Though Republicans are winning investor support for their calls for spending cuts, it comes at a cost. House Speaker John Boehner is viewed unfavorably by 46 percent of those surveyed, up from 38 percent in November. Thirty-one percent say they see the Republican leader favorably.
President Barack Obama is viewed favorably by 55 percent of respondents and unfavorably by 41 percent, about the same as in the last poll, in November.
Investors have little faith that Obama and congressional Republicans will agree this year on sweeping changes to U.S. entitlement programs such as Social Security and Medicare, and to government tax policies.
On potential legislation that would simplify the 4 million word tax code, 58 percent say only “modest changes” will result this year, with 7 percent expecting a comprehensive rewrite and 29 percent anticipating no meaningful changes.
Republicans say government budget deficits should be reduced by trimming spending on Medicare and Social Security. Without cuts, the two programs will help drive debt held by the public to 103 percent of U.S. gross domestic product by 2040, according to the White House.
Fifty-two percent of investors predict modest changes in spending plans, while 4 percent anticipate a “comprehensive package” and 37 percent say the status quo will remain.
The budget debate will take place as Obama retools his economic team. Geithner, who is scheduled to leave his Treasury post on Jan. 25, is viewed favorably by 51 percent of those surveyed compared with 38 percent who regard him unfavorably.
Jack Lew, nominated by Obama to replace him as Treasury secretary, is a blank slate for investors; 54 percent say they have no opinion about the current White House chief of staff.
Ninety-two percent of investors, traders and analysts surveyed say it’s unlikely the U.S. will default on its debt. The wrangling over the U.S. fiscal position has taken a toll on the credit-rating companies’ reputations.

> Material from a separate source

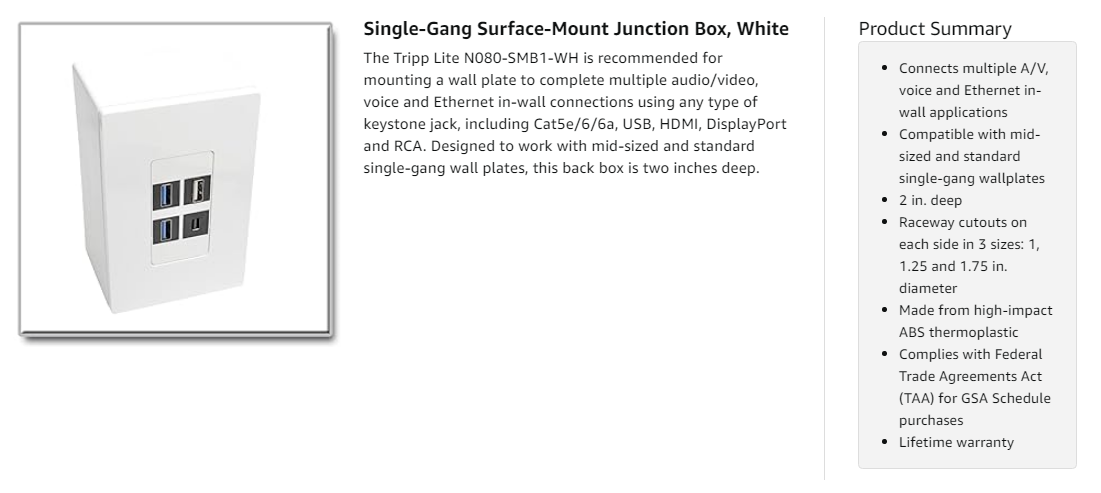 Made from robust ABS thermoplastic, the N080-SMB1-WH is colored white to blend elegantly into any home or office decor for a sleek, professional installation. Two mounting screws are included.

Since Standard & Poor’s downgraded U.S. debt in August 2011, the 10-year yield has fallen from 2.56 percent. In the Bloomberg poll, 26 percent of investors say they don’t value the rating companies’ opinions as much as they once did, while 9 percent say they no longer put any stock in their views. Thirty-one percent say the companies were “never useful,” and 32 percent see the opinions as one among many useful tools.
Still, the recurring political battles over the nation’s finances may be unsettling consumers. After reaching an eight-month high on Dec. 30, the weekly Bloomberg consumer comfort index has declined for two consecutive weeks.

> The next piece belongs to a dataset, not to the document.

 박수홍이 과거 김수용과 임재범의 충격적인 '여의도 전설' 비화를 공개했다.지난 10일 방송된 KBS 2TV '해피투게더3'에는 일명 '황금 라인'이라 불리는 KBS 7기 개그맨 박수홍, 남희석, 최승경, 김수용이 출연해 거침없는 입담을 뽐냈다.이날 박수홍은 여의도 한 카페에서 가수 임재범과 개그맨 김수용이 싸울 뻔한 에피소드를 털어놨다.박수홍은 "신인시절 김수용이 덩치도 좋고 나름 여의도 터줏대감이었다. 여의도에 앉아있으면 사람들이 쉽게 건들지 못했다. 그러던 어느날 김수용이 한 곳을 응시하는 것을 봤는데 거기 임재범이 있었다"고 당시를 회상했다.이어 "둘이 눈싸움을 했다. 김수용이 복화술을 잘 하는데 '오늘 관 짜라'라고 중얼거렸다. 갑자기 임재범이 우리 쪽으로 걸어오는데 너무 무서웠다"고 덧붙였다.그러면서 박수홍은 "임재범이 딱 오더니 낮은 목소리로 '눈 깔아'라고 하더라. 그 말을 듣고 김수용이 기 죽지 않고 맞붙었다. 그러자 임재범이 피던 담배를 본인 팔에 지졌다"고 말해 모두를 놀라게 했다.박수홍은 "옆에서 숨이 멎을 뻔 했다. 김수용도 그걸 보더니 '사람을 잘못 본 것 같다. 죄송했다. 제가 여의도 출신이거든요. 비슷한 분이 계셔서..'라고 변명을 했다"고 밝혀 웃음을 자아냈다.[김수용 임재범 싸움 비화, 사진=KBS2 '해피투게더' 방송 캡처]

The Jan. 1 end of the temporary payroll tax cut will dent take-home pay and thus consumption, economists say. The economy is expected to grow in the first quarter at an annual rate of 1.5 percent, according to the median forecast of economists surveyed by Bloomberg.
Unless the automatic spending cuts are postponed, “we’ll be doubling down on austerity at a time when the economy is already weak,” says Scott Anderson, chief economist of Bank of the West in San Francisco.
The poll of 921 Bloomberg customers has a margin of error of plus or minus 3.2 percentage points.